Role of intracellular transport, sorting and release of membrane type 1 matrix metalloproteinase (MT1-MMP) in tumor cell invasion and metastatic dissemination

Mazzone, Marco (2005). Role of intracellular transport, sorting and release of membrane type 1 matrix metalloproteinase (MT1-MMP) in tumor cell invasion and metastatic dissemination. PhD thesis The Open University.

DOI: https://doi.org/10.21954/ou.ro.0000f63c

Abstract

The primary cause of death in cancer patients is the development of metastatic secondary tumours in distal organs. This is a complex process during which metastatic tumour cells need to overcome the natural barriers impeding access to vascular or lymphatic pathways: importantly they also need to alter the extracellular environment to allow ectopic cancer growth in distant locations. These events generally require the direct participation of released and exposed matrix metalloproteinases (MMPs), a family of related zinc-dependent proteases.

Regulation of MMP activity is known to occur by modulation of gene expression, via zymogen activation and inhibition by tissue inhibitors of metalloproteinases (TIMPs). It is now evident, however, that modulation of intracellular trafficking, membrane sorting and cell surface release can also regulate MMP activities. These latter topics are still not well understood and, for this reason, represent the main aims of the present study.

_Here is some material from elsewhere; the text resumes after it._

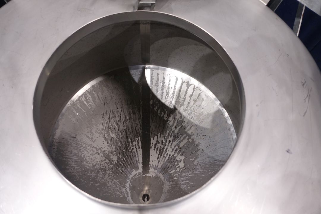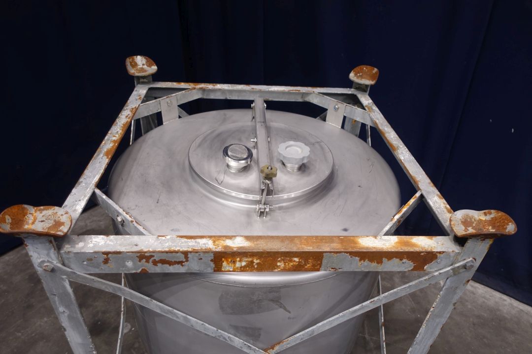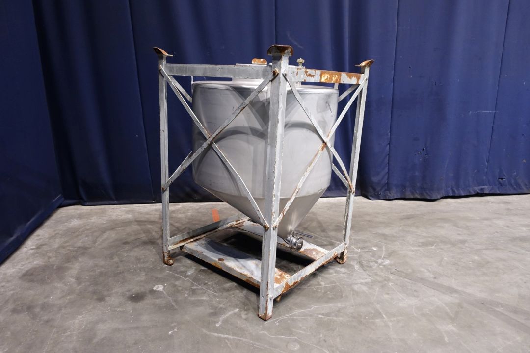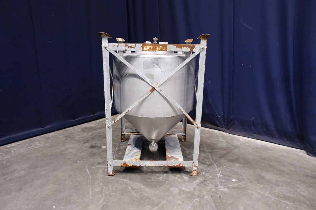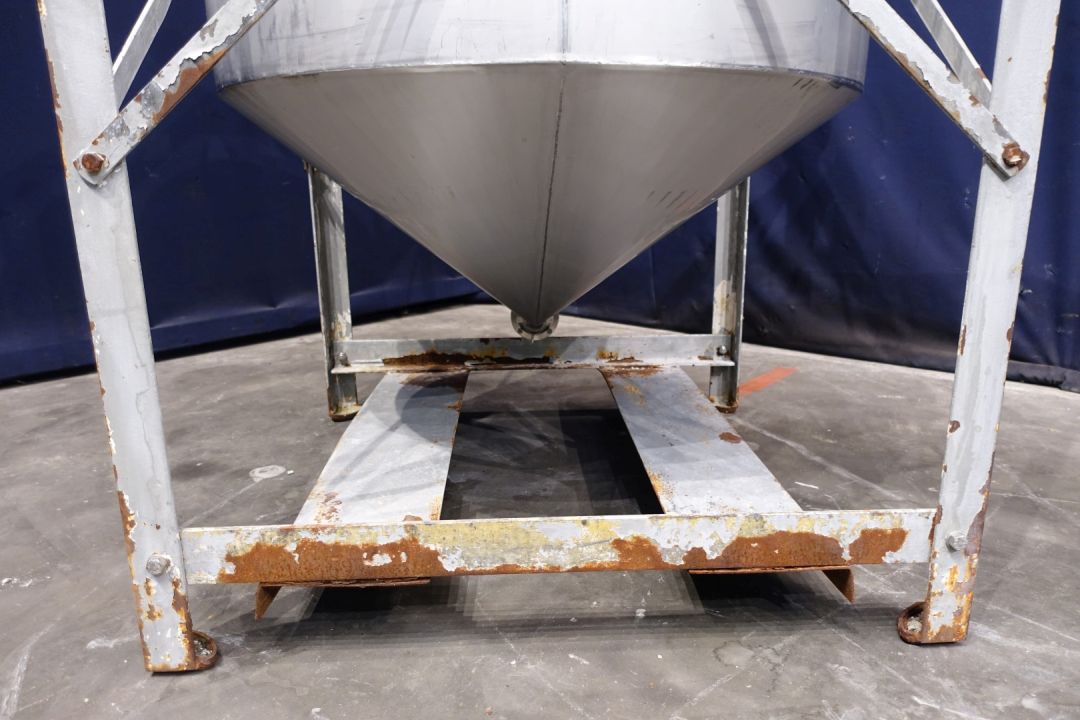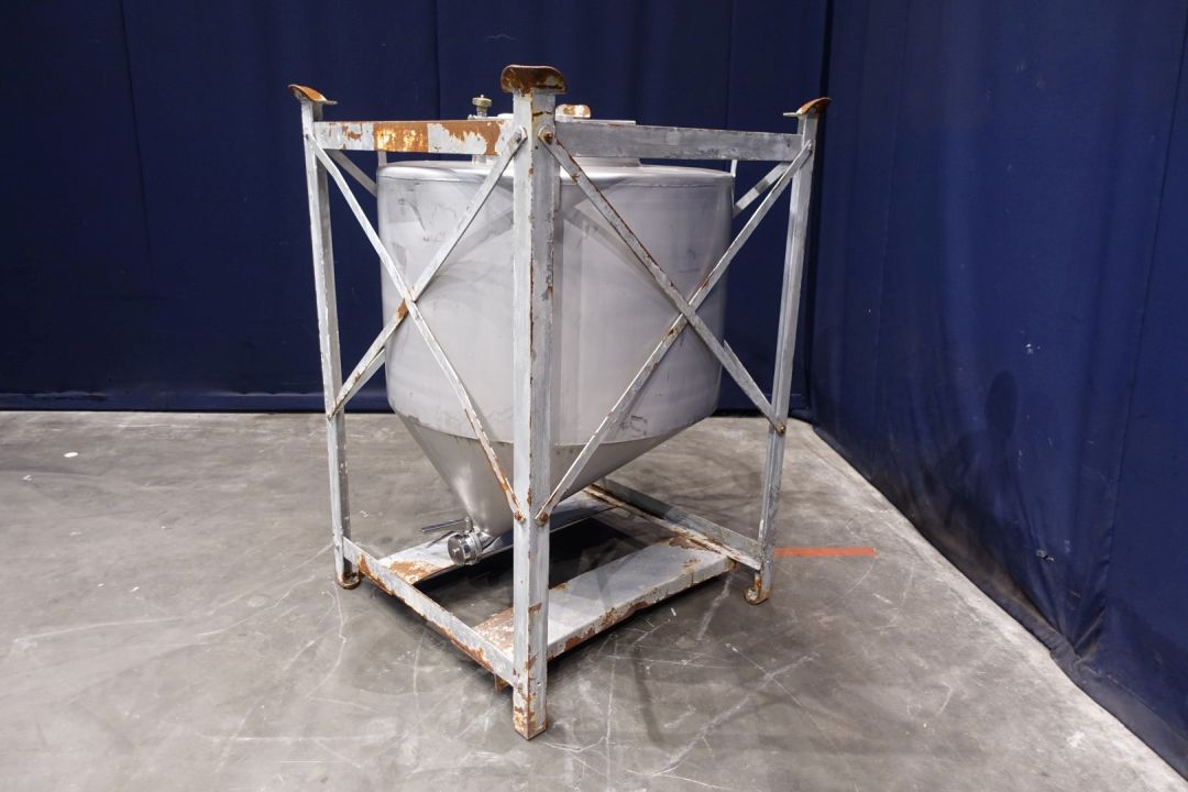 Single jacketed funnel shaped stainles steel tank in stackable steel transportframe. Manhole in top round Ø 45,5 cm. Breather in manhole lid and input connection in manhole lid 2" Din. Product Outlet 2,5" DIN, outlet height: 27 cm, with manual butterfly valve. Innner dimensions of tank diameter 100 cm height 62 cm straight, 49 cm conical. Conical to bottom down degree 61°. Outer dimensions lxwxh: 108 x 108 x 155 cm.

In particular, it has clearly emerged that MT1-MMP, a membrane-type MMP, is essential for the growth for human cancers, and acts by disrupting the three-dimensional matrix, which would otherwise impede cell proliferation. Ablation of the gene encoding MT1-MMP causes the most significant phenotype among the MMP knockout mice, and suggests that the activity of MT1-MMP cannot be substituted by any of the other members of the family. For this reason, the main focus of my PhD thesis is the regulation of MT1-MMP activity.

Here I show that, in a melanoma cell line, the majority (80%) of MT1-MMP is sorted to detergent-resistant membrane fractions; however, it is only the minor (20%) detergent-soluble fraction of MT1-MMP that undergoes intracellular processing to the mature form. Also, this processed MT1-MMP is the sole form responsible for ECM degradation in vitro. Finally, furin-dependent processing of MT1-MMP is shown to occur intracellularly after exit from the Golgi apparatus and prior to arrival at the plasma membrane. It is thus proposed that the association of MT1-MMP with different membrane subdomains might be crucial in the control of its different activities: for instance in cell migration and invasion and other less defined roles such as MTl-MMP-dependent signaling pathways.